Last week’s “Heights of Compassion; Bridges to Choice” Conference in Chicago was a stunning success. Participants relished the opportunities to gather information and gain tools for personal empowerment and community activism. Several speakers spoke to our society’s reluctance to acknowledge death, and made the same point in different ways.

Teacher and author Stephen Jenkinson called our society “death phobic and grief illiterate,” with healthcare professionals among our most vigorous enablers. He accused palliative care and hospice professionals of predictably “catering” to death phobia whenever it shows up.
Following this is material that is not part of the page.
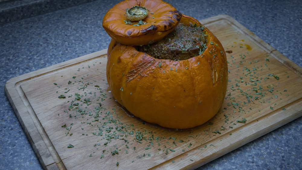 Prinzip gefüllte Paprika: Einen Hokkaido waschen, oben einen "Deckel" rausschneiden (aufheben) und den Kürbis vorsichtig ein bisschen aushöhlen - gut zwei Zentiemert Kürbisfleisch lassen. Mozarella, Zwiebeln und Paprika würfeln, ein bisschen Chili kleinhacken (je nach - ihr ahnt es - gewünschtem Schärfegrad), Emmentaler reiben. Alles zusammen mit Hackfleisch vermengen. Salz, Pfeffer, Ingwerpulver oder ganz klein gehackten frischen Ingwer, Oregano und ein bisschen Zucker dazu und die ordentlich verrührte Masse in den Kürbis. Deckel wieder drauf und ab in den Ofen. Bei möglichst indirekter Hitze im geschlossenen Grill (oder im Backofen) bei 180 bis 200 Grad eine Dreiviertelstunde bis Stunde garen - je nach Größe. Wenn fertig vierteln, ein paar Spritzer Kürbiskern-Öl drüber und heiß servieren - Guten Appetit!

I spoke of the marketing to seniors: what I called a “sex on the golf course” message.

As if on cue, articles appeared immediately following the conference to prove our point. On July 3rd the Associated Press reported on hospices disavowing their role in dealing with end-of-life experiences and losses.

Robin Stawasz, family services director at Southern Tier Hospice and Palliative Care in upstate New York told the reporter hospice isn’t about tending to the dying at all. No, “we come in and help people go golfing or go snowbird down to Florida, or go out to dinner several nights a week. We help them get to the casinos on weekends,” she said. “This is not getting ready to die. This is living — living now, living tomorrow, making the best possible life with what you have.”  An AARP blog reported gleefully that this is “just the beginning,” as hospices “diversify their services” in preparation for the eventual needs of aging boomers

One of our conference plenary sessions featured a dialogue between Rebecca Kirch from the American Cancer Society and the Center to Advance Palliative Care (CAPC), and Compassion & Choices board member David Muller. David chairs the Medical Education department at Mount Sinai School of Medicine and attends at the Hertzberg Palliative Care Institute. The topic was reframing the national conversation from “death and dying” to “quality of life.”

Rebecca’s organization wants more patients to access palliative care. They commissioned public opinion research to give the palliative care community a roadmap to communicate more effectively with consumers and policymakers on the benefits and future direction of their field. Unsurprisingly they found people shy away from being reminded of their mortality. Apparently the CAPC decided the best plan is to disavow any real association with, or focus on, the end of life. Her presentation described advantages of the new, upbeat goal of lifting the “quality of life” throughout an illness, from diagnosis to … well, to something “not death.”

David followed Rebecca’s talk with an astute analogy. He described a practice among some established physicians of rebuking insurance coverage and treating only patients who pay with cash. This alarming behavior, he said, was a growing trend in New York. These physicians built their practices on healthcare insurance payments, only to cast insurance contracts aside once they assembled sufficient loyal and wealthy patients. They owe their careers and livelihood to insurance, but outgrew their dependence on it.

David’s point is that palliative care as a medical specialty grew from hospice, which arose to meet the needs of patients facing the end of life. Hospice promised not to abandon these patients or torture them with fruitless treatments. They declared dying patients deserve care aimed at comfort, not cure. But now, as some doctors turn their backs on insurance, some hospices and palliative care leaders turn their backs on death and dying. They can’t be bothered with the arduous task of helping America overcoming its death phobia and grief illiteracy. How much easier to take the quick gratification and join the phobic chorus.

Twenty years ago there was no such thing as medical accreditation in palliative care. Death and dying brought palliative care to the dance of medical specialties. Now that palliative care doctors have learned the steps, they believe they deserve a more attractive dance partner. First palliative care left death standing against the wall.  Now hospice looks to do the same. Who will ask death to dance?

We at Compassion & Choices will, of course.  Because we have learned over and over that only death — only an acute awareness of our mortality — can teach us the joyful, authentic, intensely human dance of life.